§ **What to do**: An exact copy of every entry is needed, without any of the pictures.

§ **Records from a data source**:
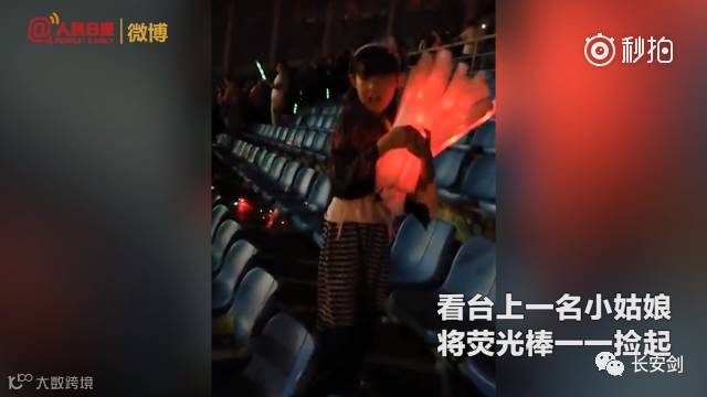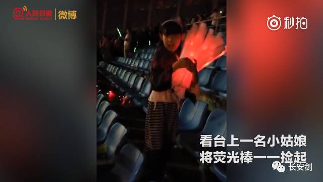 2、暖心!演唱会后小女孩收拾遗落荧光棒 近日,河北承德一场演唱会结束之后,大批观众向外走着,遗留下不少荧光棒。看台上一个小姑娘,将荧光棒从地上一支支捡起,抱在怀里整整一大把。网友:小天使!棒棒哒!(@人民日报)
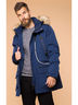 Удлинённая мужская куртка прямого кроя со съёмным капюшоном с искусственным мехом. Изделие застёгивается на молнию, а также ветрозащитный клапан. Куртка имеет шесть внешних карманов, утеплённых флисом и один внутренний карман. Также куртка утеплена флисом внутри по талии. Есть вязаные манжеты на рукавах и довяз на воротнике.
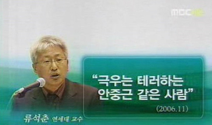 김구 안중근을 테러리스트라고 주장하는 류석춘 전 연세대교수 와 뉴라이트
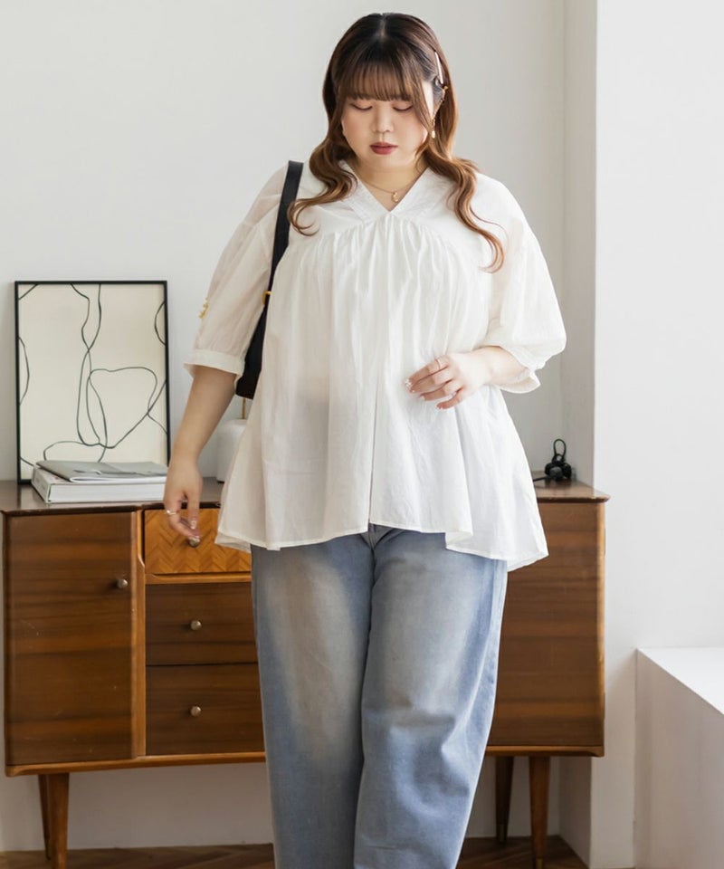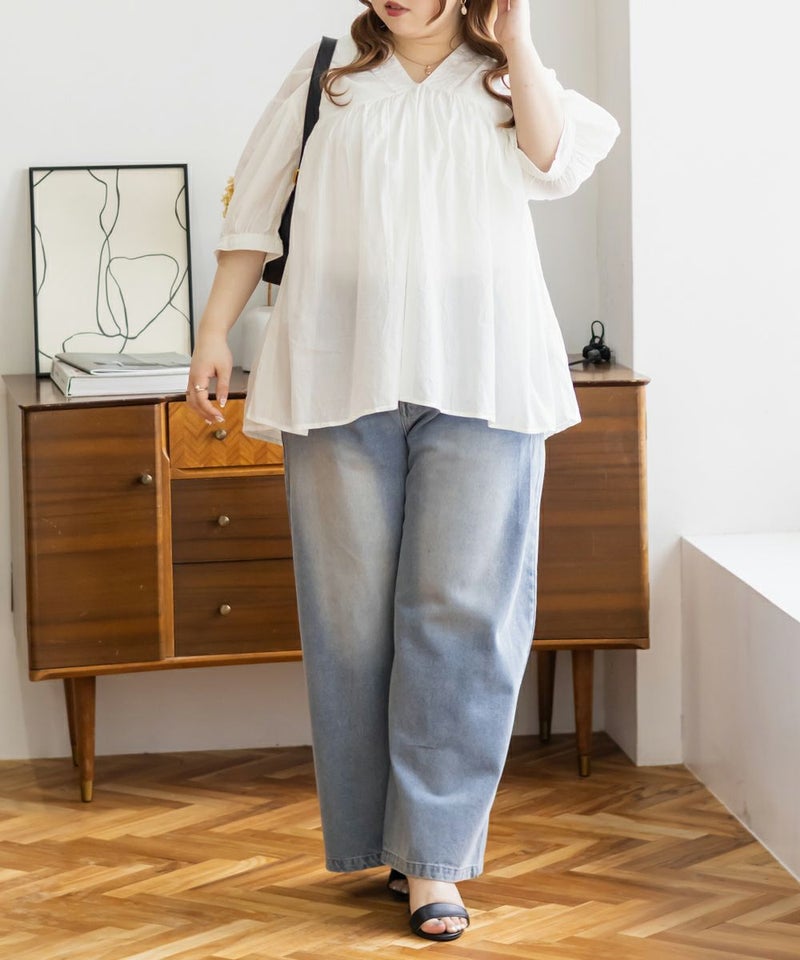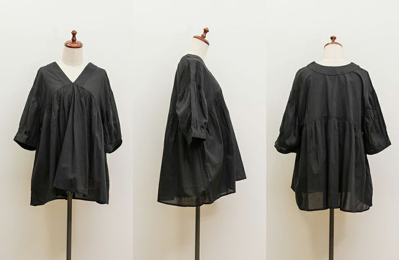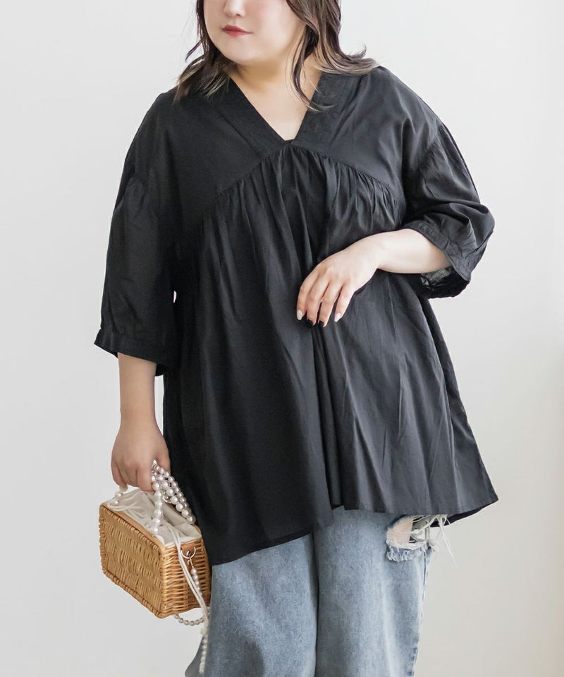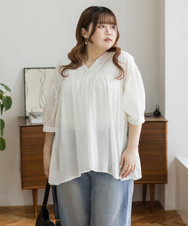 3Lサイズを着て、ちょうどいい着心地でした。とっても軽いコットン生地で、楽ちんだし涼しくて夏らしいブラウスです!華やかギャザーが印象的で、Vネックが顔回りをすっきりと見せてくれます◎夏らしい透け感×ふんわりとしたボリューム感で女性らしさグッと引き立つてて、大人に着こなせるのもポイントです!フェミニンで優しい印象だけど甘くなりすぎないのも魅力です♪ワイドパンツや、ナロースカート、スキニーパンツなどすっきりしたボトム合わせがお勧め!胸元に華奢なネックレスをプラスするとより女性らしさを引き出してくれて可愛いです!
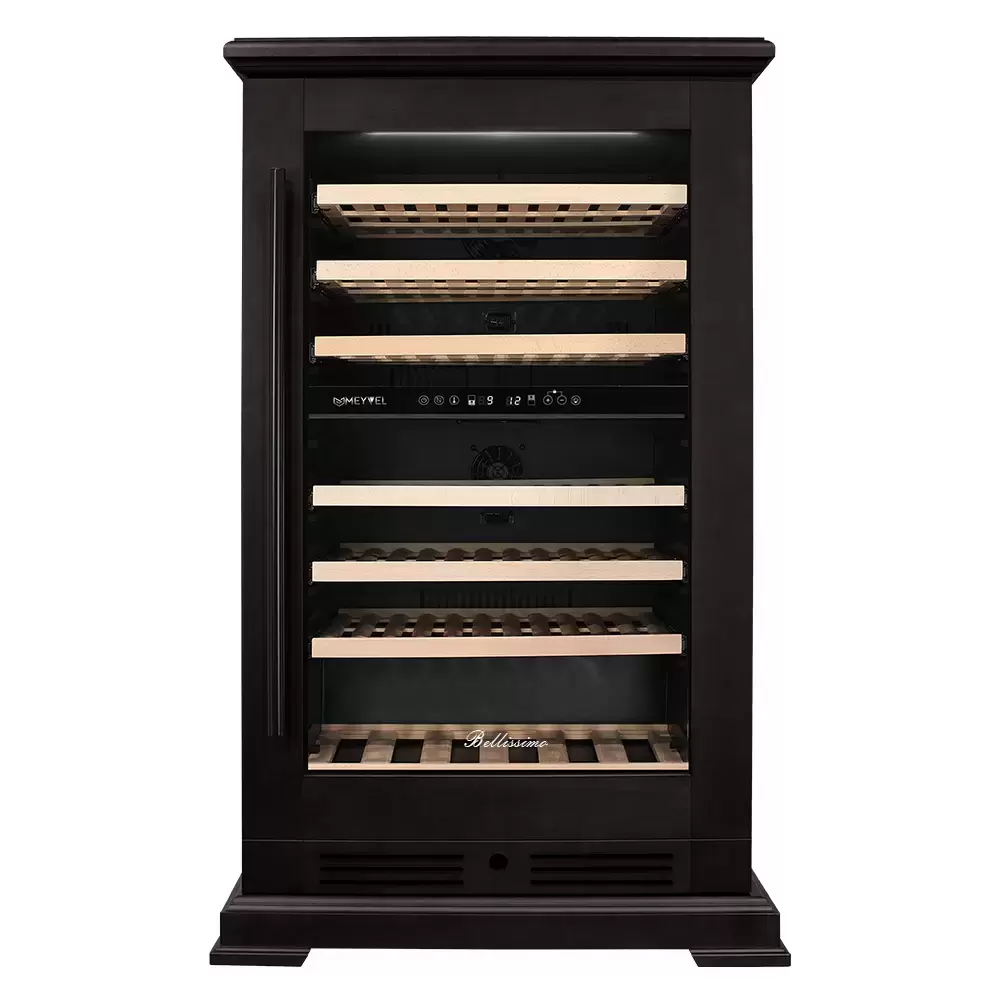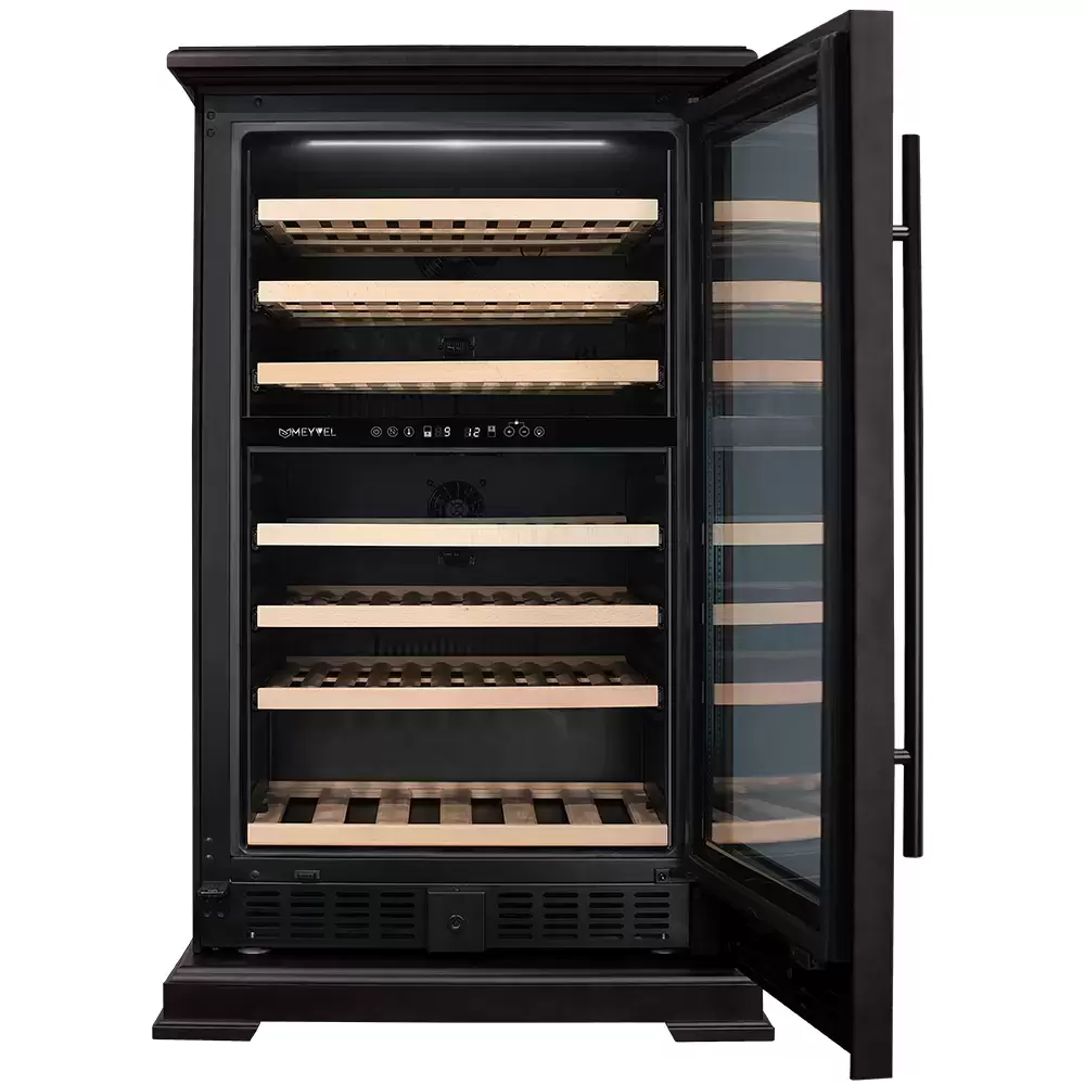 Винный холодильник Meyvel MV77PRO-KBT2 (Тёмный шоколад) имеет две температурные зоны, в которых одновременно можно хранить разные сорта алкоголя и выставлять разные сочетания настроек. Он устанавливается отдельно, что удобно, если у вас есть специальное помещение — кладовая, погреб и т.д. Количество бутылок, которое можно разместить с учетом полной комплектации и из расчета объема бутылки 0,75 л, — 77 шт.

§ **Answer box**:
 2、暖心!演唱会后小女孩收拾遗落荧光棒 近日,河北承德一场演唱会结束之后,大批观众向外走着,遗留下不少荧光棒。看台上一个小姑娘,将荧光棒从地上一支支捡起,抱在怀里整整一大把。网友:小天使!棒棒哒!(@人民日报)
 Удлинённая мужская куртка прямого кроя со съёмным капюшоном с искусственным мехом. Изделие застёгивается на молнию, а также ветрозащитный клапан. Куртка имеет шесть внешних карманов, утеплённых флисом и один внутренний карман. Также куртка утеплена флисом внутри по талии. Есть вязаные манжеты на рукавах и довяз на воротнике.
 김구 안중근을 테러리스트라고 주장하는 류석춘 전 연세대교수 와 뉴라이트
 3Lサイズを着て、ちょうどいい着心地でした。とっても軽いコットン生地で、楽ちんだし涼しくて夏らしいブラウスです!華やかギャザーが印象的で、Vネックが顔回りをすっきりと見せてくれます◎夏らしい透け感×ふんわりとしたボリューム感で女性らしさグッと引き立つてて、大人に着こなせるのもポイントです!フェミニンで優しい印象だけど甘くなりすぎないのも魅力です♪ワイドパンツや、ナロースカート、スキニーパンツなどすっきりしたボトム合わせがお勧め!胸元に華奢なネックレスをプラスするとより女性らしさを引き出してくれて可愛いです!
 Винный холодильник Meyvel MV77PRO-KBT2 (Тёмный шоколад) имеет две температурные зоны, в которых одновременно можно хранить разные сорта алкоголя и выставлять разные сочетания настроек. Он устанавливается отдельно, что удобно, если у вас есть специальное помещение — кладовая, погреб и т.д. Количество бутылок, которое можно разместить с учетом полной комплектации и из расчета объема бутылки 0,75 л, — 77 шт.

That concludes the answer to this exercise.